Using AI tools to tackle such a detailed and nuanced task offers an exciting opportunity to see just how far technology has come. By focusing on these challenging images, we can truly test the capabilities of modern AI in preserving the delicate details that make these photos so special.

AI image restoration: Project overview

The main goals of our project were focused on bringing new life to old photographs of Japanese Spitzes:

  • Colorize black and white photographs to restore their original vibrancy.
  • Remove artifacts, scratches, and noise to clean up and improve image quality.
  • Enhance sharpness and detail, particularly in the dogs’ fur, to make the images more lifelike.
  • Upscale the images to higher resolutions for better clarity and display.

We worked with low-quality photographs that presented various challenges. The collection consisted of both old black and white and color photographs of Japanese Spitzes taken before 1970.

Many of these images suffered from defects such as artifacts, scratches, noise, and blurriness, all of which required careful correction to restore their original quality.

Choice of tools and approaches

1. Using ready-made AI tools

We decided to start with ready-made tools to save time and resources. These tools offered a range of features, from basic noise reduction to advanced detail enhancement.

Here are the tools that made our list:

  • OpenCV
  • Real-ESRGAN
  • BOPBL

2. Discarding some methods

However, not all methods yielded satisfactory results. Some approaches struggled with the intricate details of the dogs’ fur, leading to unnatural textures and loss of authenticity. 

U-Net with Denoising
A model for noise removal and image restoration.
Reason for discarding: Low efficiency on images of Japanese Spitzes due to smoothing of fur details.

GFPGAN
A model for face restoration.
Reason for discarding: Specializes in faces; adapting for dogs requires significant resources.

Experiments with AI photo recovery

With all of this in mind, we started experimenting. Which tool will give more cohesive results?  

We’ll walk you through our experiments, explaining the techniques we used and showing the results we got.

Preliminary processing: OpenCV

To kick off our restoration process, we used OpenCV, an open-source computer vision library. OpenCV provided essential tools for preliminary processing like noise removal and sharpness enhancement. These initial steps were crucial in preparing the old photographs for further enhancement with AI tools.

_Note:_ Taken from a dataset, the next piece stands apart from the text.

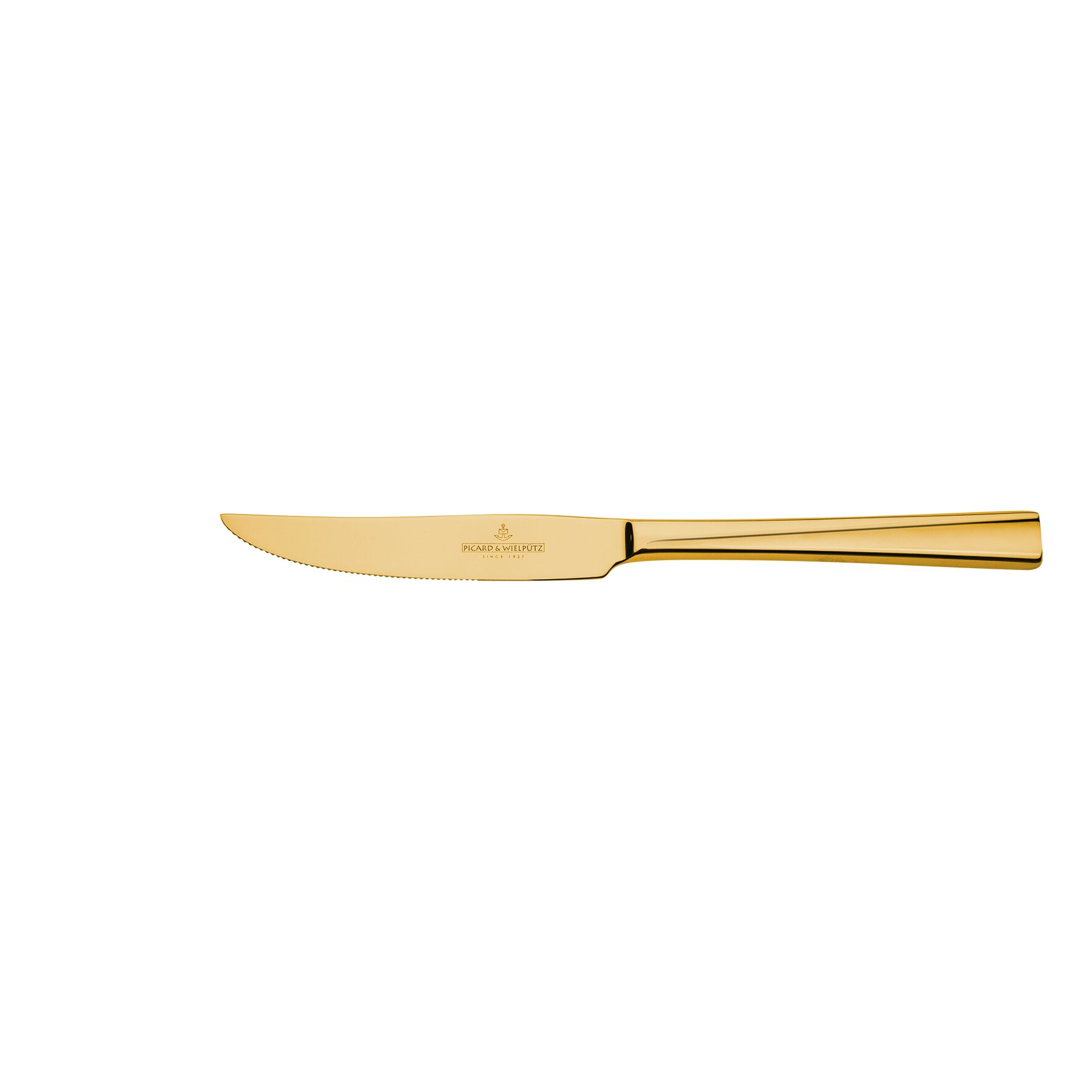 Unser PVD beschichtetes Besteck Monterey in der Farbe GOLD hat eine Materialstärke von 4 mm und vermittelt dadurch eine enorme Wertigkeit, ohne dabei klobig oder zu schwer zu wirken. Die lange Messerklinge und Zinken der Gabel stehen für ein modernes Design. Am Griff scheint der Stahl in sich verwunden und bietet ein Highlight mit der schräg verlaufenden Linie am Griff. Durch die besondere Form liegt das Besteck gut in der Hand und ist fein ausbalanciert.

  • Filtering: cv2.bilateralFilter for noise removal.
  • Morphological operations: cv2.morphologyEx to detect small defects.
  • Inpainting: cv2.inpaint for restoring areas with defects.
  • Sharpening: cv2.filter2D for enhancing sharpness.

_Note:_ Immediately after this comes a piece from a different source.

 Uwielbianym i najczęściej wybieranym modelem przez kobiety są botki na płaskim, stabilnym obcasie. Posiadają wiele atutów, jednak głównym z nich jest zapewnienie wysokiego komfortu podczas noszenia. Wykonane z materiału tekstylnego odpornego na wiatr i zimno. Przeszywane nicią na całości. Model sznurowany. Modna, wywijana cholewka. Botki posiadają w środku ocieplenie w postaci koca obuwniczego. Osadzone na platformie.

The use of certain methods led to some improvement in image quality. However, they had significant drawbacks. These methods couldn’t completely remove artifacts, resulting in unsatisfactory outcomes. Additionally, distortions appeared in the images and worsened during the upscaling process, further reducing the overall quality.

 photo restoration with OpenCV

OpenCV didn’t show the great results and caused distortions of the image.

Testing BOPBL

Bringing Old Photos Back to Life (BOPBL) is a project by Microsoft Research Asia that uses AI, specifically deep learning, to fix issues and make photos look new again.

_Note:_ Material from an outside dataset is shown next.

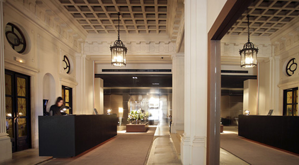 En la planta baja, se situaron los accesos principales al edificio con el vestíbulo, algunos salones y el restaurante del hotel, y con entrada directa desde la calle. En este vestíbulo, antiguo paso de carruajes, se mantuvo el carácter monumental con decoración actual. El espacio desemboca en el hall central del hotel, donde conectan todas las plantas. En la parte subterránea, se han ubicado las cocinas, vestuario y el resto de instalaciones.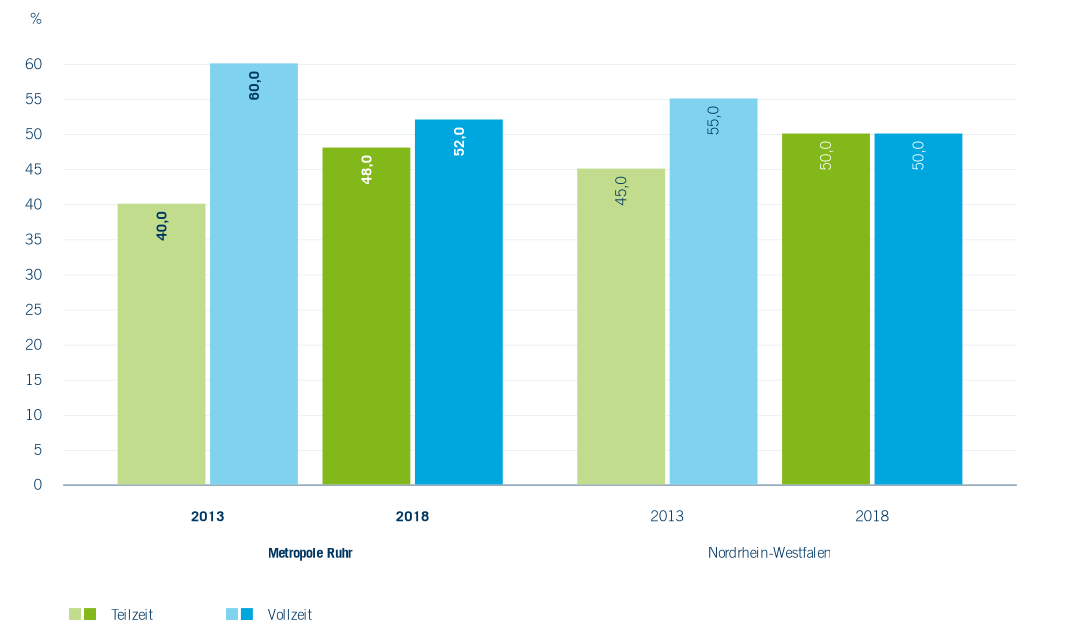 Die Ausbildung in Pflege- und Gesundheitsfachberufen erfolgt in NRW in den Schulen des Gesundheitswesens, für deren staatliche Anerkennung die jeweiligen Bezirksregierungen zuständig sind. Die Ausbildungswege umfassen im Wesentlichen folgende Bereiche: Altenpflege, Ergotherapie, Gesundheits- und Krankenpflege bzw. Gesundheits- und Kinderkrankenpflege, Hebammenkunde, Logopädie, Notfallsanitäter/in, Physiotherapie. In allen Städten und Kreisen der Metropole Ruhr gab es bis zum Schuljahr 2016/17 Schulen des Gesundheitswesens, seither ist der Standort Bottrop entfallen. Die Verteilung im Schuljahr 2018/19 gestaltet sich je nach Standort sehr unterschiedlich, wie der folgende Überblick in Abbildung 4.5 zeigt. Für das gesamte Ruhrgebiet zeigt sich ein Rückgang der Anzahl von Schulen des Gesundheitswesens zwischen den Schuljahren 2013/14 bis 2018/19 um etwa 12 %. Er fällt damit etwas höher aus als der Rückgang in ganz NRW, der bei ca. 10 % liegt. Die Zahl der Lehrkräfte an Schulen des Gesundheitswesens hat demgegenüber im selben Zeitraum zugenommen; das gilt sowohl für Gesamt-NRW mit einem Zuwachs von 10 % als auch für die Metropole Ruhr mit 8 % Steigerung. Etwa drei Viertel des Lehrpersonals sind weiblich; diese Quote blieb über die Jahre relativ konstant. Im Schuljahr 2018/19 waren etwa jeweils die Hälfte der hauptamtlich Beschäftigten in Teilzeit bzw. Vollzeit tätig. Der Anteil der Teilzeitbeschäftigten lag allerdings bei den weiblichen Beschäftigten mit 53 % im Ruhrgebiet und 57 % in Gesamt-NRW etwas höher als bei den männlichen Beschäftigten.

The process involves several steps. First, the AI scans the photo to detect any scratches or blemishes. Then, it enhances the faces in the photos, making them clearer and more detailed. Finally, the AI restores the overall quality of the image, bringing back vibrant colors and sharpness. 

photo restoration with BOPBL

BOPBL successfully removed scratches and enhanced image sharpness

Testing Real-ESRGAN

Real-ESRGAN is particularly effective at enhancing low-resolution images, restoring details, and reducing noise, making it a popular tool for tasks like photo restoration, video enhancement, and improving the quality of digital art. This technology is based on deep learning models that have been trained on a wide variety of images, allowing it to produce high-quality results across different types of images.

With Real-ESRGAN, we saw significant improvement in detail without noticeable artifacts

But what if we overlay several tools?

unsuccessful photo enhancement with several tools

This is what we got with the combination of OpenCV and Real-ESRGAN. Unfortunately, it worsened the image quality.

successful photo enhancement with several tools

We used BOPBL first to get the images ready, and then processed them with Real-ESRGAN. This combination showed the greatest effect.

Evaluation of the results

After conducting our experiments and applying various AI tools and techniques, we carefully evaluated the results to determine the effectiveness of each method.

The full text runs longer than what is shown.